■ **What you should do**
Reproduce only the lines below from the line containing "Concrete dirt roads" to the line containing "UPDATE: Grote inzet", exactly as written, with both end lines kept. Omit the pictures.

■ **Raw data**
"""

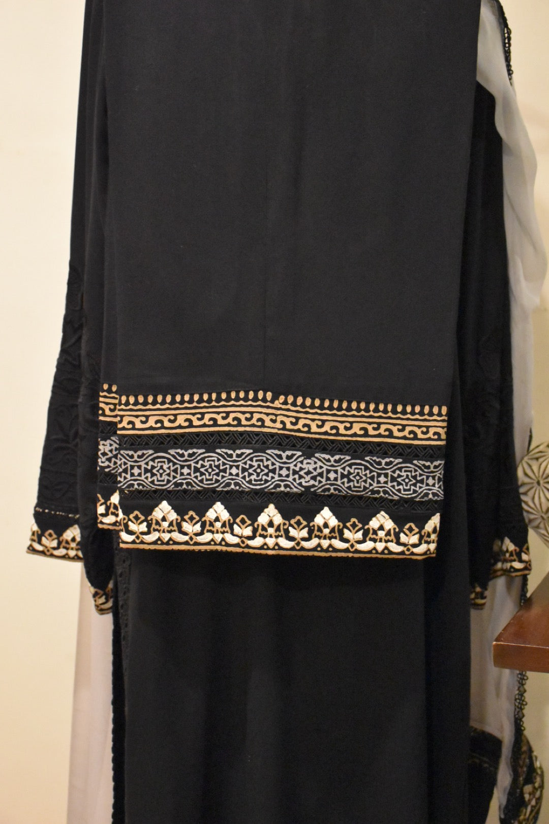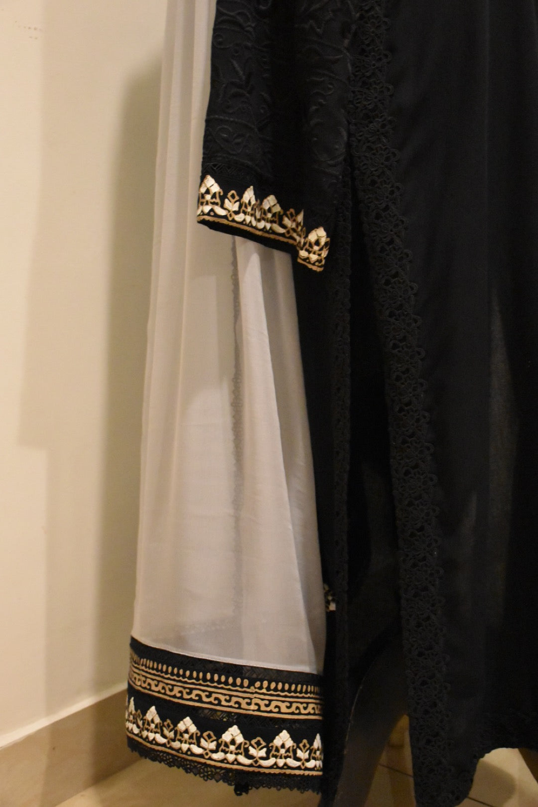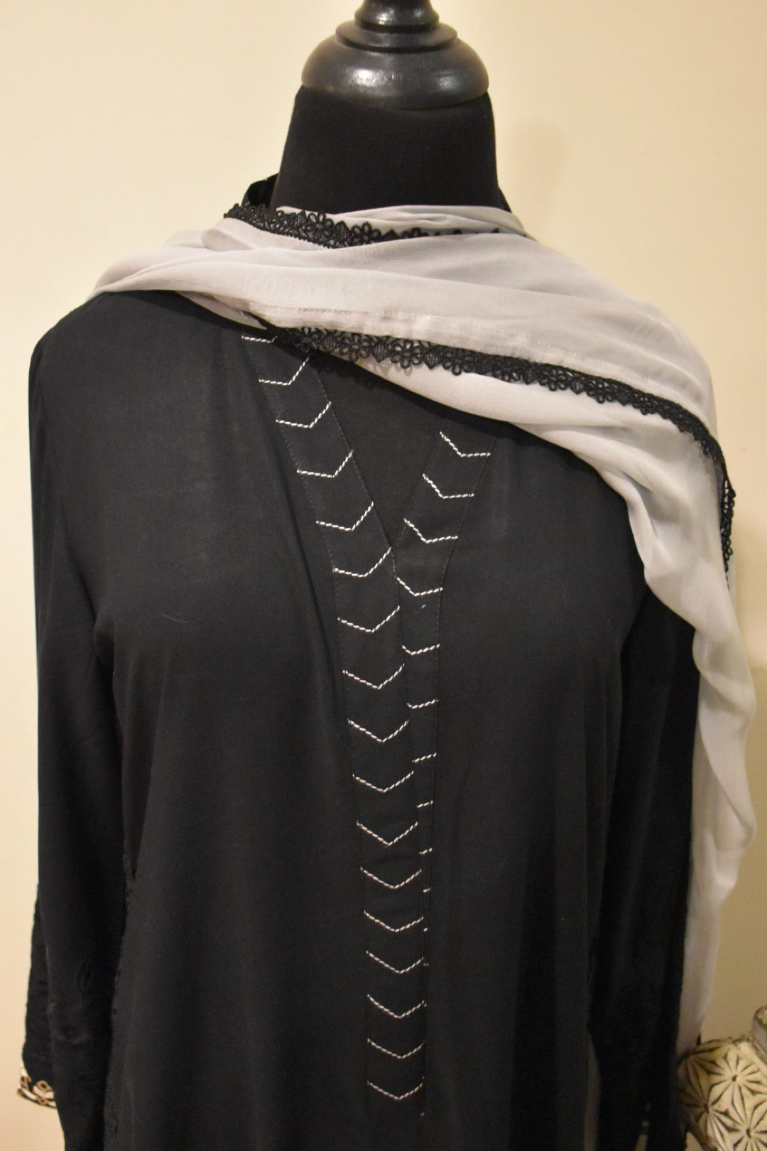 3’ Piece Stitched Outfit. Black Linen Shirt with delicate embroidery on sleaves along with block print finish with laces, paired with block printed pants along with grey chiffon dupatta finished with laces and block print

"""
"""

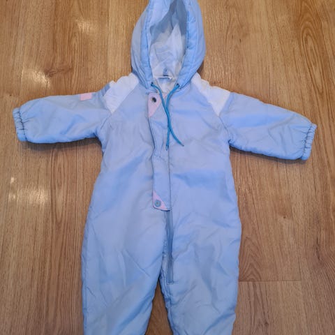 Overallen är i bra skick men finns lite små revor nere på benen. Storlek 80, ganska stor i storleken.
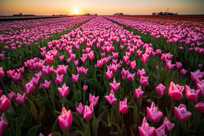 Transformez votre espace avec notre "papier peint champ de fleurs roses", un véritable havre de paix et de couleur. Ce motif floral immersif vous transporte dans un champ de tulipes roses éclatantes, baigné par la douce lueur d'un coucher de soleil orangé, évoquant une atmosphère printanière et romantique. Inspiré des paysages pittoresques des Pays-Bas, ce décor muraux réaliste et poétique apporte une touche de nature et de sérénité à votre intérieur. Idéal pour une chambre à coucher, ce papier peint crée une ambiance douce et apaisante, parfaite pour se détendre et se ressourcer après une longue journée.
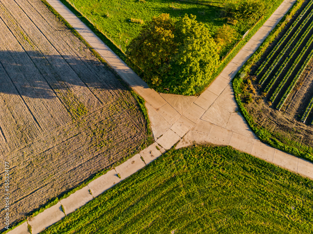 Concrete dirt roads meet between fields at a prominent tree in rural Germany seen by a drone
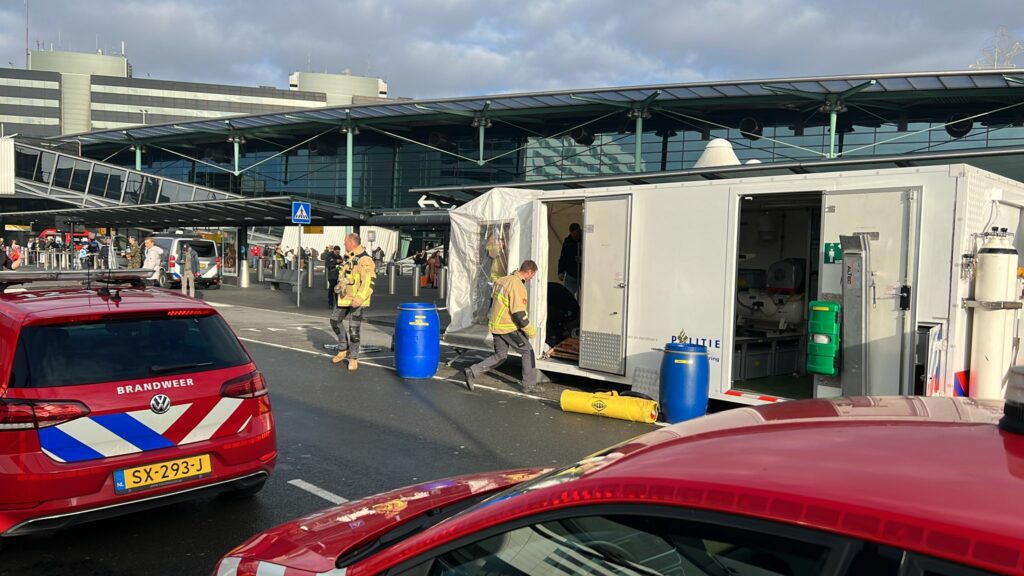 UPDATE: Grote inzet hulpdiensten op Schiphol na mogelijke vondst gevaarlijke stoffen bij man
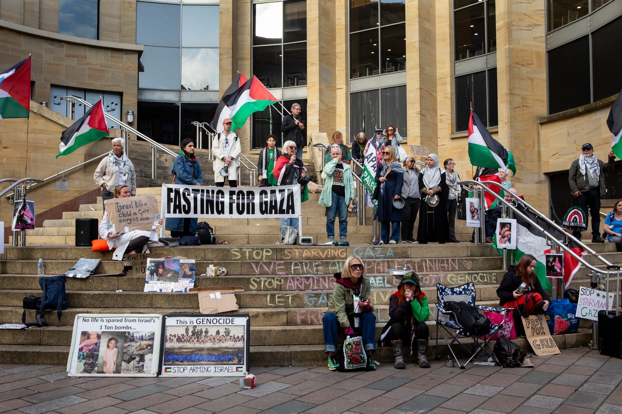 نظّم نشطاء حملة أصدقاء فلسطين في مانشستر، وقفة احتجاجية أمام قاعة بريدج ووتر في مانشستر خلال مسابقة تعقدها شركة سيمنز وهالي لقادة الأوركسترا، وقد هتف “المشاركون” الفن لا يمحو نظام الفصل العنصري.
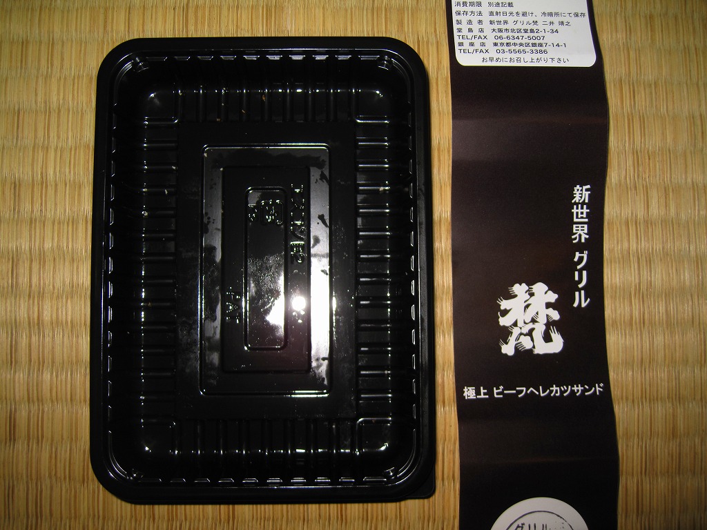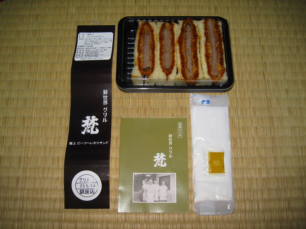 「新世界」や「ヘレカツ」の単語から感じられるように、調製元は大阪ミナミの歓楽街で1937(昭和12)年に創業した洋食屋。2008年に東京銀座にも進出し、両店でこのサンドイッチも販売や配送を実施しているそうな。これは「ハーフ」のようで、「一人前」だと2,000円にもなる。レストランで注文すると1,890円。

"""

■ **Answer area**
 Concrete dirt roads meet between fields at a prominent tree in rural Germany seen by a drone
 UPDATE: Grote inzet hulpdiensten op Schiphol na mogelijke vondst gevaarlijke stoffen bij man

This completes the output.